# Wireless Telegraphy Act



## Stuart (Jun 10, 2005)

In days of yore, when we were lads, we used to have a notice in the shack which summarised the dreaded Wireless Telegraphy Act we all had to sign, and laid out in dark terms the penalties for speaking of which we heard. 

The threat of two years hard labour has always haunted me, I live near Dartmoor and the breaking of granite has never appealed!

I have now aged, and I have to admit I have now crossed to the Dark Side and become an Amateur. Please don't chide me bretheren, I only succombed as I missed the joy of Morse!

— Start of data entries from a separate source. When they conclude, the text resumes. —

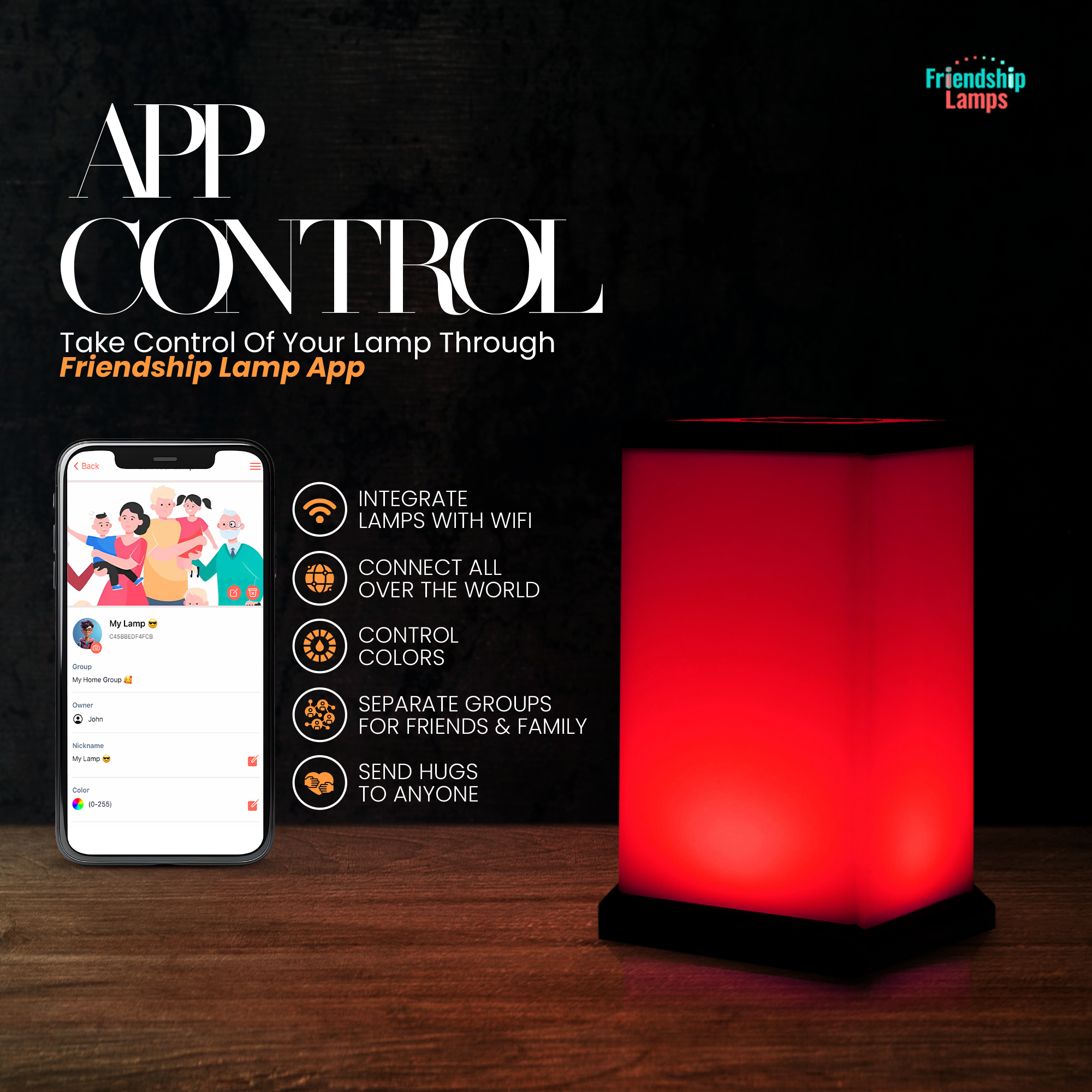- Use the app to pair your lamp into a group with family, friends, or loved ones (unlimited number of lamps).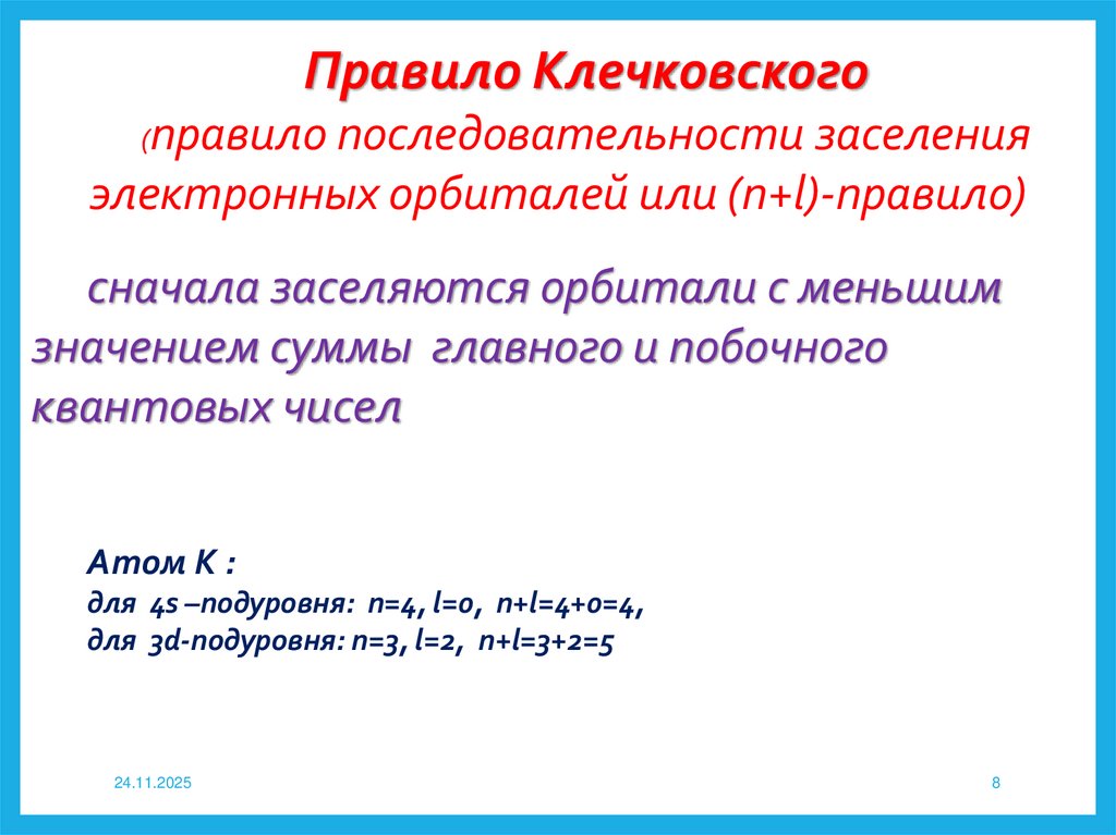 Правило Клечковского(правило последовательности заселения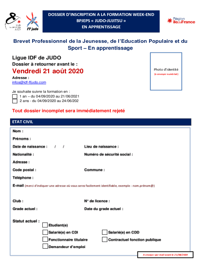Obtenir le gratuit NOTICE EXPLICATIVE BPJEPS JUDO-JUJITSU LIGUE IDF ... - judo91.com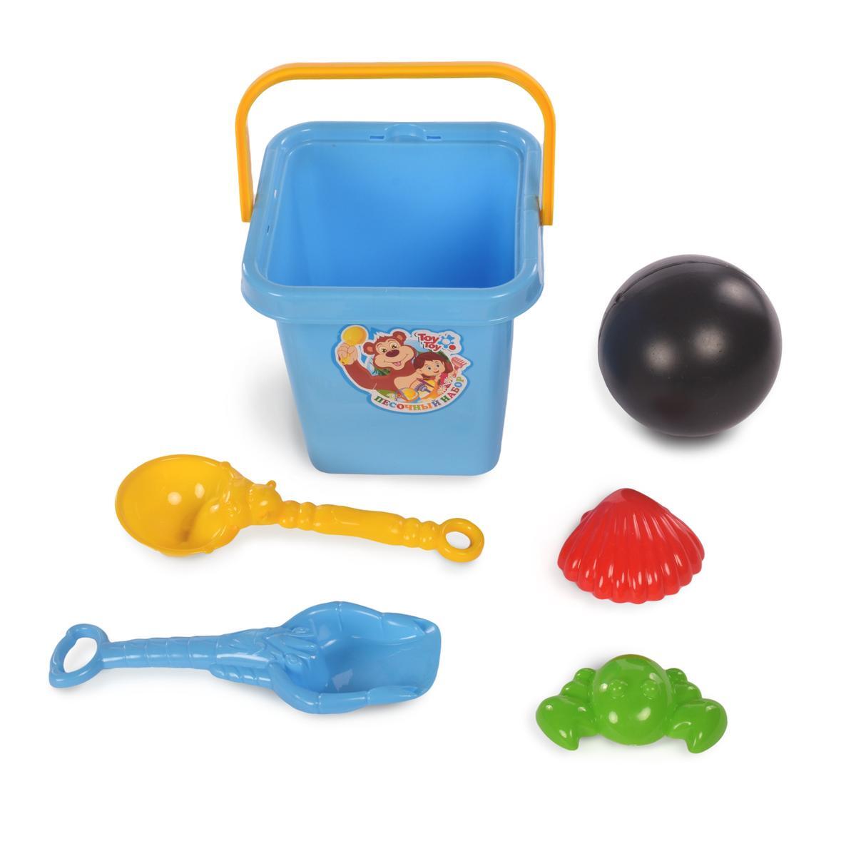 - Ведерко синего цвета с удобной желтой ручкой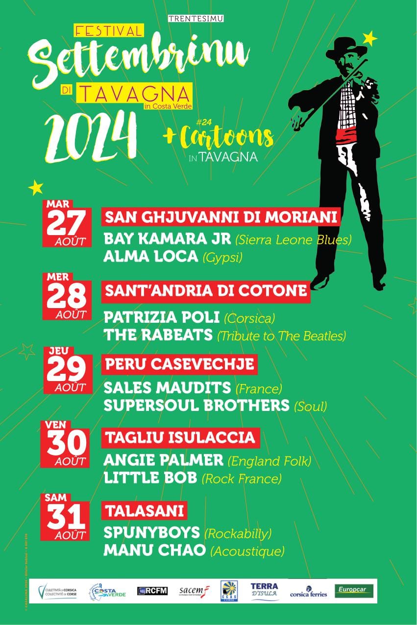 Du mardi 27 au samedi 31 août Tavagna Club Talasani / San Ghjuvanni di Moriani / Sant'andria di Cotone / Peru Casevechje / Tagliu Isulaccia Mardi 27 août - San Ghjuvanni di Moriani Bay Kamara Jr (Sierra Leone Blues) Alma Loca (Gypsi) Mercredi 28 août - Sant'andria di Cotone Patrizia Poli (Corsica) The Rabeats (Tribute To The Beatles) Jeudi 29 août - Peru Casevechje Sales Maudits (France) Supersoul Brothers (Soul) Vendredi 30 Août - Tagliu Isulaccia Angie Palmer (England Folk) Little Bob (Rock France) Samedi 31 août - Talasani Spunyboys (Rockabilly) Manu Chao (Acoustique) Découvrez la programmation en téléchargement. Plus d'infos sur le site. |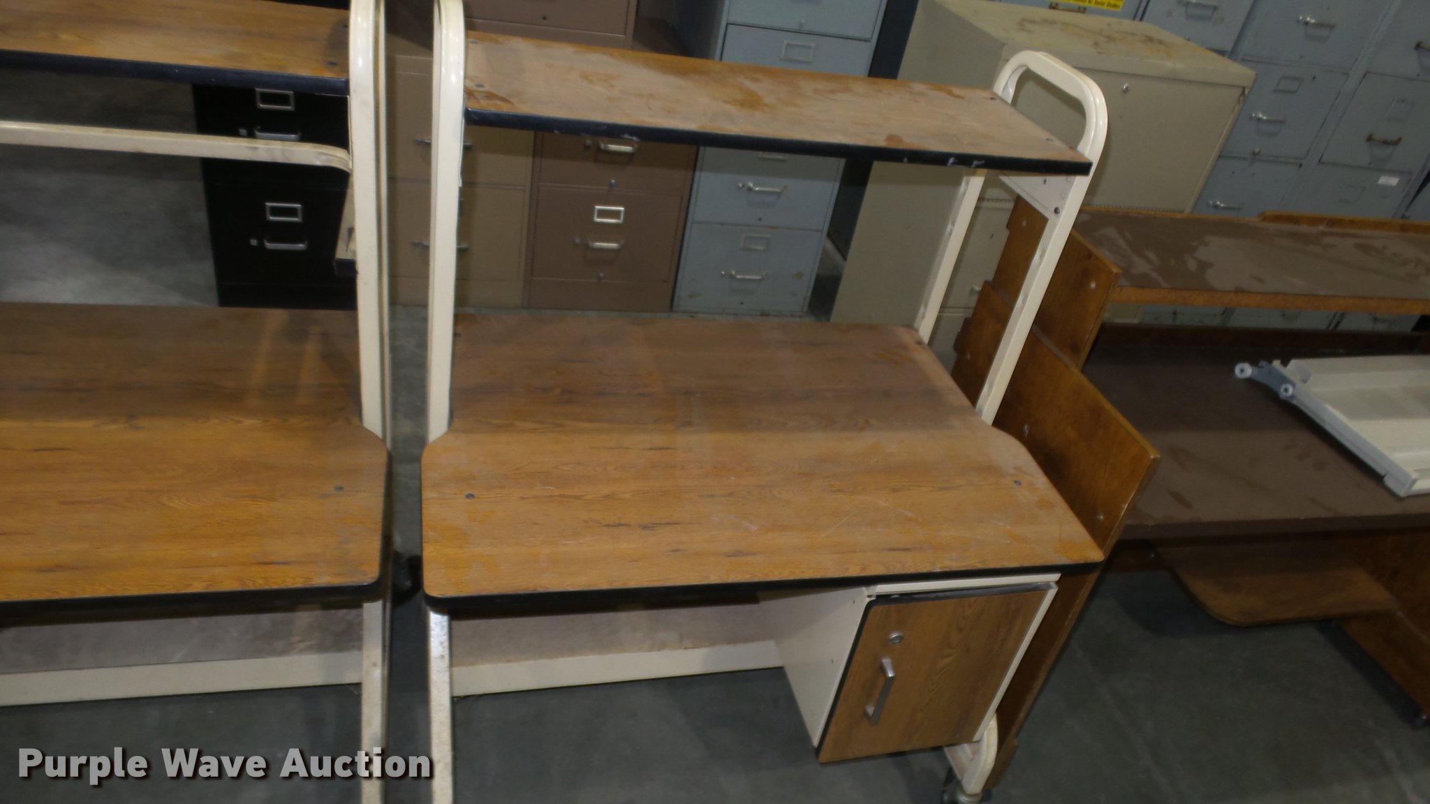 Purple Wave is selling a used Office Supplies and Equip. in Kansas. This item is a (4) computer carts with the following: Metal computer cart, (2) wood computer carts, Wood computer desk, Wheels, Printer cart, Smartboard

But the observance to the oft remembered regulaton persists and I feel it only right that I should display that onerous warning once more.

Does anyone know where I can find the text?

Rgds

Stuart


----------



## King Ratt (Aug 23, 2005)

Hello Stuart. Try this URL http://www.ofcom.org.uk/static/archive/ra/topics/legislation/wtact1949.pdf

The Post Office Protection Act of 1884 may also be relevant but I cannot find any info on it.

73

KR


----------



## trotterdotpom (Apr 29, 2005)

I remember that notice, it was on yellowish paper and was usually contained in a nice wooden frame. It was part of the "Wireless Room requirements" along with a hydrometer and what not.

I forget the exact wording, but I think it referred mainly to the "secrecy of communications". It did contain dire warnings for transgressors. That didn't stop nosey 3rd Mates (and the rest) rummaging around looking for info though. It didn't stop me planting information for them to find either!

John T.


----------



## Nick Balls (Apr 5, 2008)

http://www.ofcom.org.uk/static/archive/ra/topics/legislation/wtact1949.pdf


----------



## rknibbs (Mar 11, 2006)

*WT Secrecy notice*

Copy of WT Secrecy notice attached


----------



## trotterdotpom (Apr 29, 2005)

rknibbs said:


> Copy of WT Secrecy notice attached


That's it! But they had a nicer looking print on the older ships.

John T.


----------



## rknibbs (Mar 11, 2006)

The photo is only of a rather poor copy of the original. There is an original at the Museum of Science at Oxford in the Marconi collection.


----------